Ugh -- agreed to speak to a journalist about whether people (actually women in particular, because it's a women's magazine type publication) should use chatbots for health information. I said in no uncertain terms that they should not, but they found someone else to quote too saying it could be beneficial blah blah blah. And then the article ends with a quote from me saying "Don't do this" followed by a "quote" from ChatGPT --- i.e. more synthetic text published as news. Grr.
@emilymbender
Indeed, the idea of people consulting chatbots for medical advice is very concerning. Meta’s Galactica invented medications, clinical trials and symptoms for nonexistent diseases. Most problematically, it smoothly embedded disinformation into correct statements, all in the writing style of reliable sources. For example, for colorectal cancer subtype survival chances it “cited” appropriate academic publications but gave completely wrong numbers - difficult to check for a layperson.

@johannes_lehmann @emilymbender

I played around with ChatGPTs code generation. I asked it to generate code to find duplicate files. At first it did the wrong thing by identifying files with the same name. Then it did it in the most inefficient way possible. It took several attempts, but I was eventually able to get it to generate a reasonable program. This is problematic, because it takes an expert to actually use it. At this point, these things are experts only tools.

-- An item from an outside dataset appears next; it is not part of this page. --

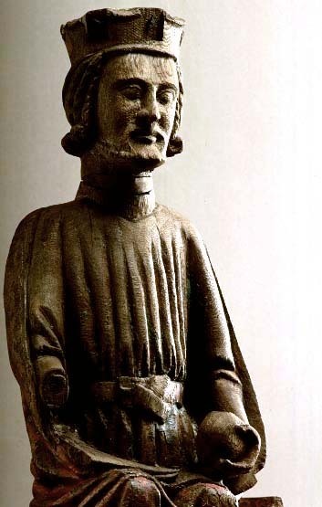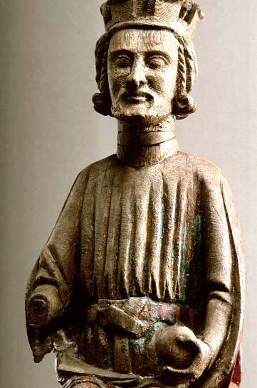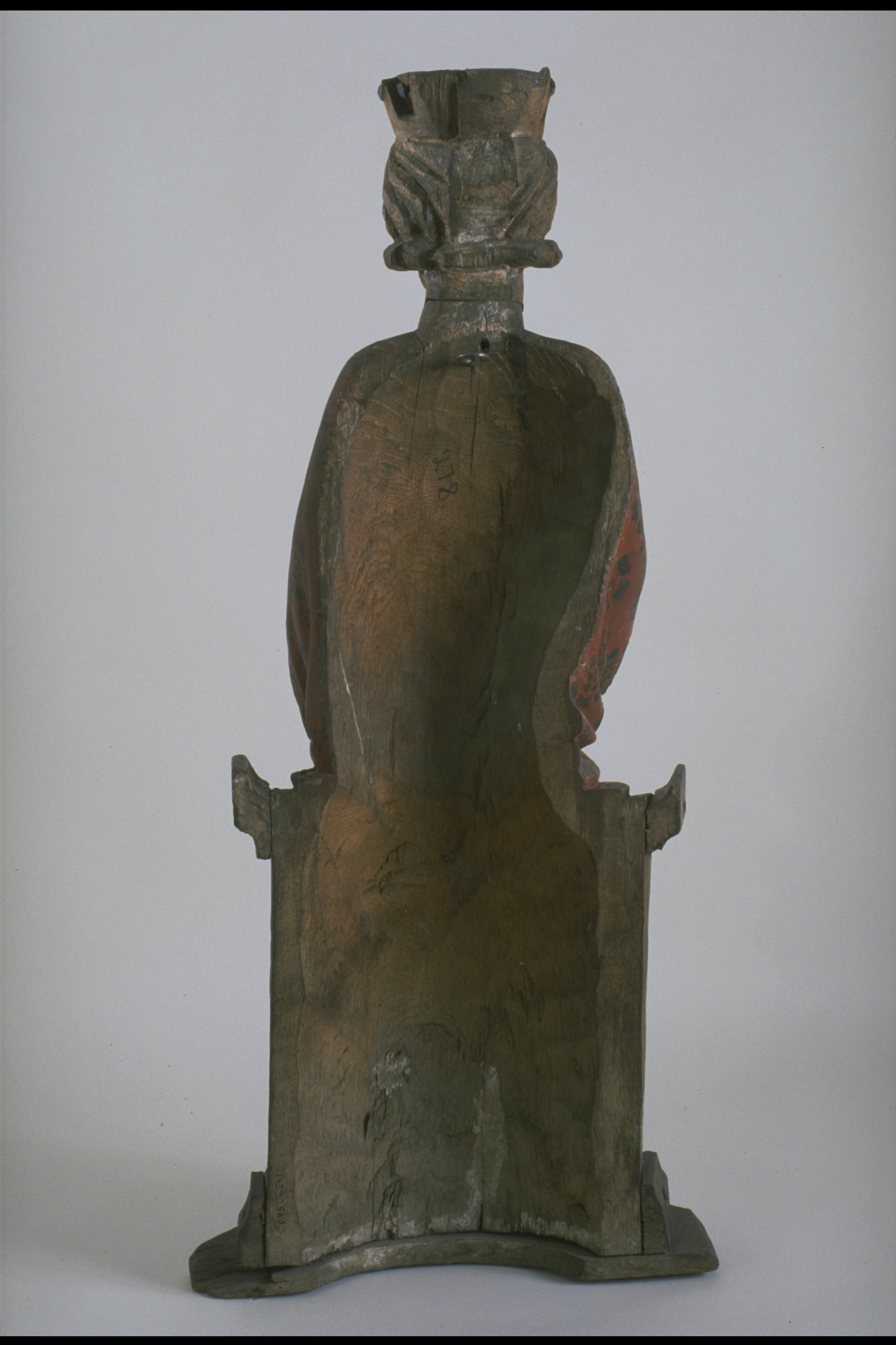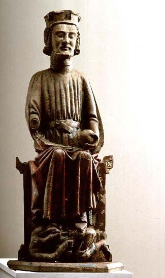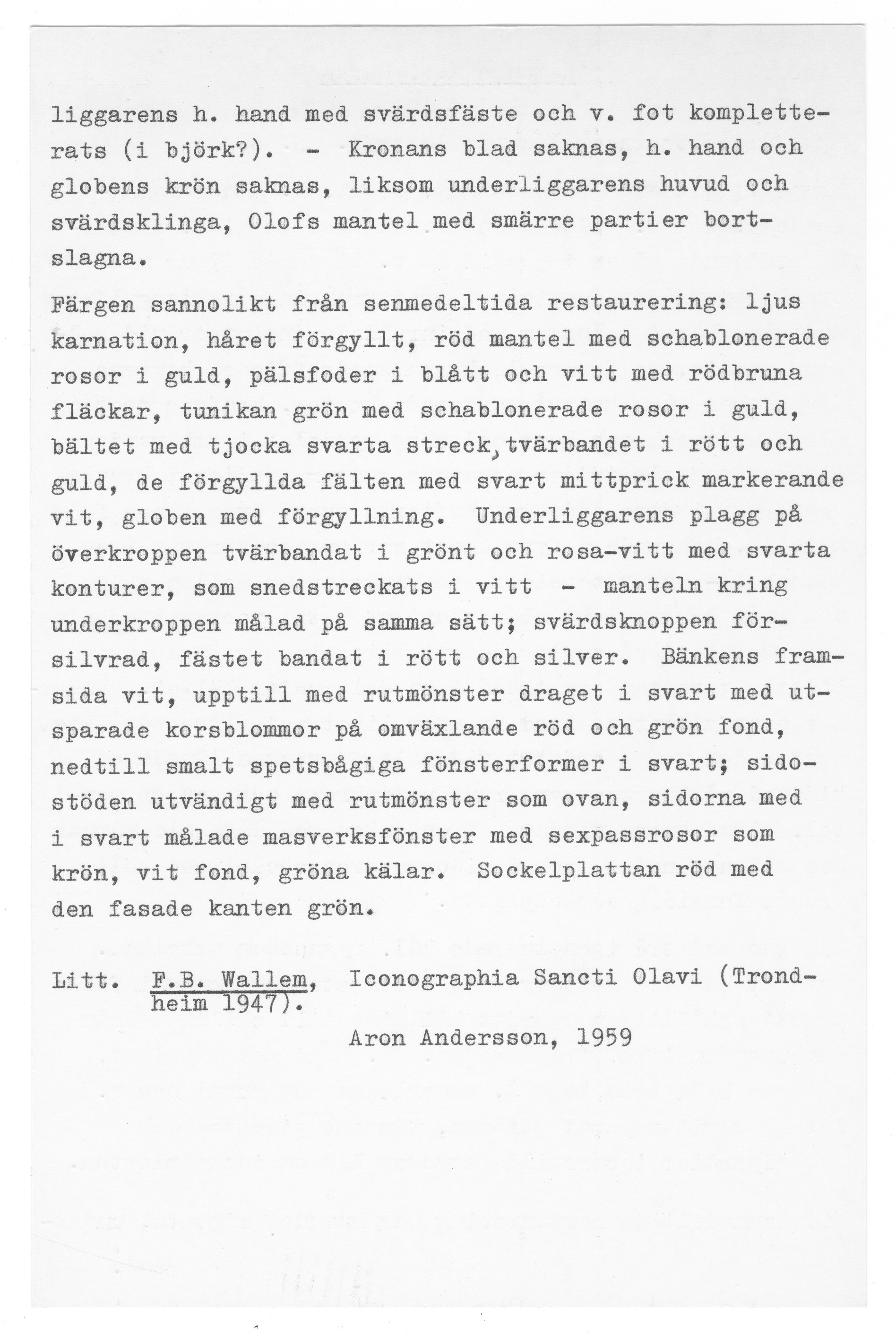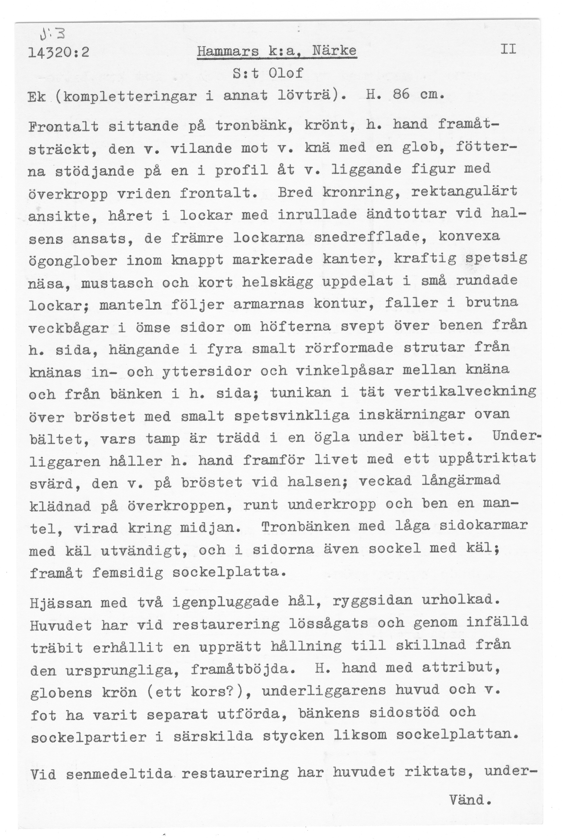 ek med kompletteringar i annat lövträ. Kondition: höger hand med attribut, en yxa (?), förlorad, underliggarens ansikte bortfläkt. Färg: betydande fragment bevarade.

@chidi_anagonye @johannes_lehmann @emilymbender

"It took several attempts, but I was eventually able to get it to <<X>>"

Sentences of this form make me want to scream.

The actual meaning is that YOU are doing <<X>>.

The only thing ChatGPT is doing is spitting out random garbage that you're trying to edit into something useful.

Maybe it'll be less work than starting from scratch; maybe not.

STOP ANTHROPOMORPHIZING.

@wrog @chidi_anagonye @johannes_lehmann @emilymbender
> STOP ANTHROPOMORPHIZING

You’re gonna hurt its feelings.

… don’t make the magic future basilisk mad!